Sea mouth of the Murray

Date:

C1846

Condition:

In good condition.

Technique:

Lithograph with original hand colouring.

Image Size: 

347mm 
x 247mm

Paper Size: 

542mm 
x 356mm
AUTHENTICITY
Sea mouth of the Murray - Antique View from 1846

Genuine antique
dated:

1846

Description:

George French Angas’s view of the sea mouth of the Murray, from the largest and earliest series of lithographs of the infant colony of South Australia. Angas had travelled south from Adelaide in March 1844 to the sea mouth of the Murray River and Goolwa;   ‘one continuous wall of foam shuts out the horizon, the surf rollers meeting the current of the river with impetuous force. Around is a wilderness of sand; and as the repeated lines of rollers rise and break upon the shore with a hollow moaning sound, the dull chime of their waves is responded to by the harrowing shrieks of multitudes of sea fowl that resort thither’.

Angas’s description; At the eastern extremity of Encounter Bay, the junction of the River Murray with the Southern Ocean takes place. A low sandy coast, completely open to the ocean, stretches away to the South East, forming the outer shore or sand-hills of the Coorung. To the left is a sandy bluff, called Barker’s Knoll.  ‘one continuous wall of foam shuts out the horizon, the surf rollers meeting the current of the river with impetuous force. Around is a wilderness of sand; and as the repeated lines of rollers rise and break upon the shore with a hollow moaning sound, the dull chime of their waves is responded to by the harrowing shrieks of multitudes of sea fowl that resort thither’. 
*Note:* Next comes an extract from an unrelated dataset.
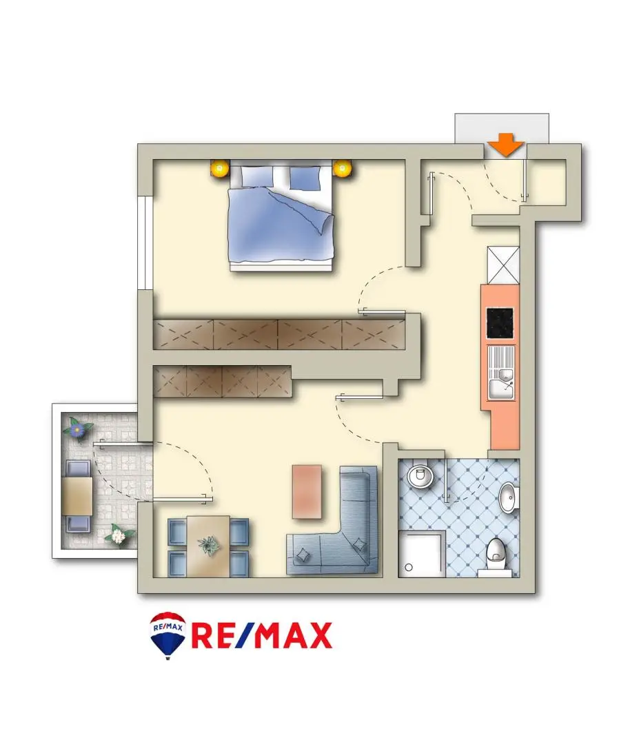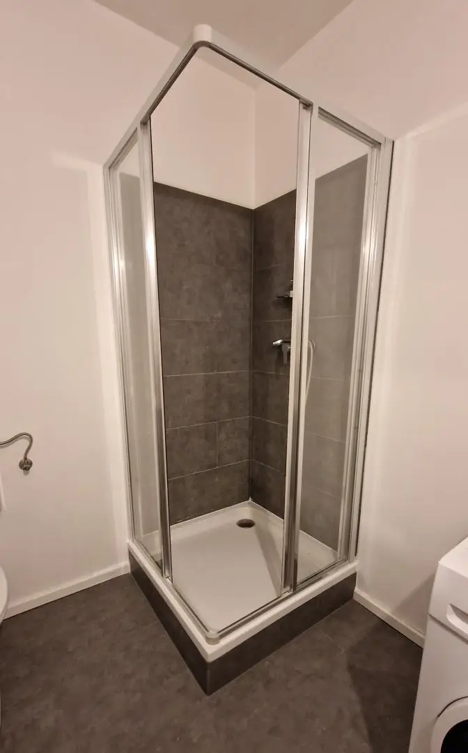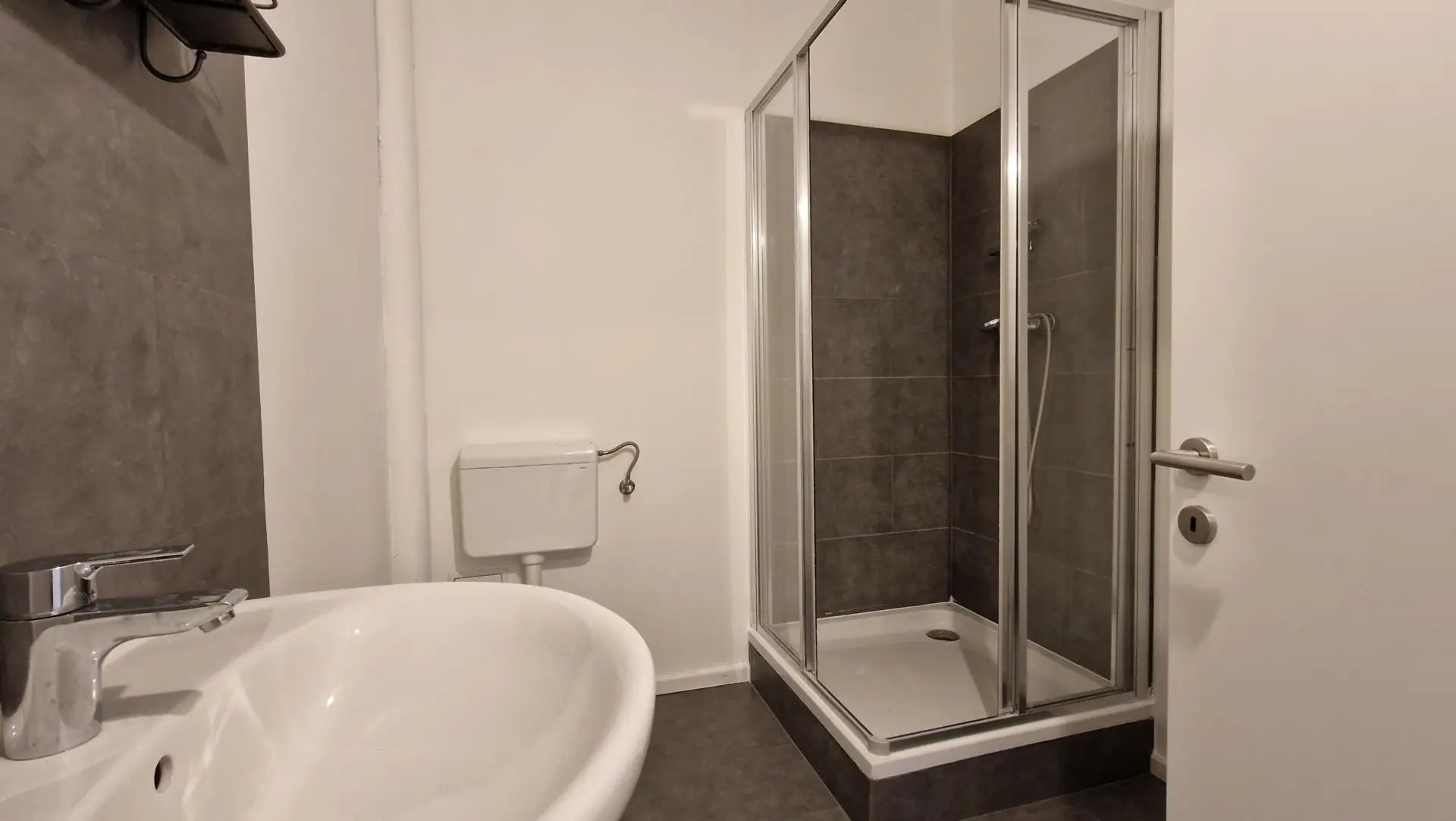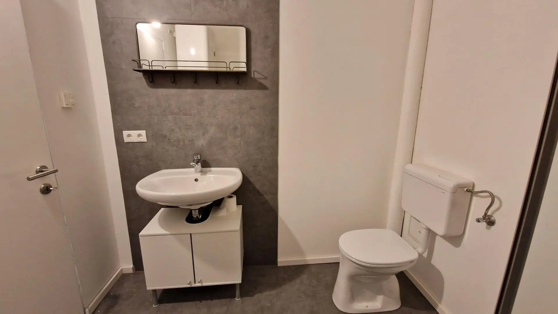 Das Badezimmer ist mit einer Dusche sowie einem Waschmaschinenanschluss ausgestattet, die Toilette ist ebenfalls im Badezimmer integriert. Beheizt wird die Wohnung mittels energieeffizienter Infrarotpaneele, während die Warmwasseraufbereitung über einen Boiler erfolgt.

Charles Sturt the explorer describes the sea Mouth after he reached it on 12 February 1830 after his long journey by whaleboat down the Murrumbidgee and Murray Rivers. He completed the last few miles on foot as mud flats prevented the passage of the boat. A few days previously as the Murray flowed into Lake Alexandrina Sturt had written; ‘… I immediately foresaw that, in all probability, we should be disappointed in finding any practicable communication between the the lake and the ocean, as it was evident that the former was not much influenced by tides.’ When Sturt walked over the last sand-hill to reach the Murray Mouth some days later he saw the channel to the sea was only a quarter of a mile wide, but the water deep and the current was strong. However, ‘… the mouth of the channel is defended by a double line of breakers, amidst which, it would be dangerous to venture… thus were our fears of the impracticability and inutility of the channel of communication between the lake and the ocean confirmed.’

References:
Ferguson, J. A. Bibliography of Australia Volumes 1-8, Canberra 1976: Volume IV, 4457..
Gill, T. Bibliography of South Australia. Adelaide. (1886) 1976.: P.16..
Tregenza, J. George French Angas. Artist, Traveller and Naturalist 1822-1886. Adelaide 1980:.
:.


Collections:
State Library South Australia: B 15276/43
National Gallery Australia: NGA 66.7.8.1
National Library Australia: Bib ID 320302

George French Angas (1822 - 1886)

Angas was a painter, lithographer, engraver and naturalist, fourth child and eldest son of George Fife Angas, a merchant and banker. As the eldest son he was expected to join his father's firm, but some months in a London counting house proved a disillusioning experience. In 1841 he took art lessons for four months from Benjamin Waterhouse Hawkins, a natural history painter and lithographer, and armed with this instruction set out to see the world. He began in the Mediterranean publishing, A Ramble in Malta and Sicily in the Autumn of 1841.......Illustrated with Sketches Taken on the Spot, and Drawn on the Stone by the Author, the following year. Angas's father had established the South Australian Company in 1836 and had large areas of land as well as banking interests in the province. George French sailed for South Australia in 1843 in the Augustus, arriving in Adelaide on 1st January 1844. Within days he had joined an exploring party selecting runs for the South Australia Company. They traveled through the Mount Lofty Ranges to the Murray River and down to Lake Coorong and Angas sketched views of the countryside, native animals and the customs and dwellings of the Narrinyerri people. Later he drew scenes on his father's land - 28,000 acres in the Barossa Valley - and accompanied George Grey's expedition to the then unknown south-east as unofficial artist. In July 1844 Angas visited New Zealand. Guided by two Maoris, he traveled on foot and by canoe through both islands, painting portraits of Maoris and views. Angas's father died in 1879, leaving a vast estate from which George French received only a annuity of 1000 pounds. In 1884 he went to Dominica on a collecting expedition, finding shells, moths, butterflies and birds. Dogged by rheumatism and neuralgia during his last years, Angas died in London on 4 October 1886.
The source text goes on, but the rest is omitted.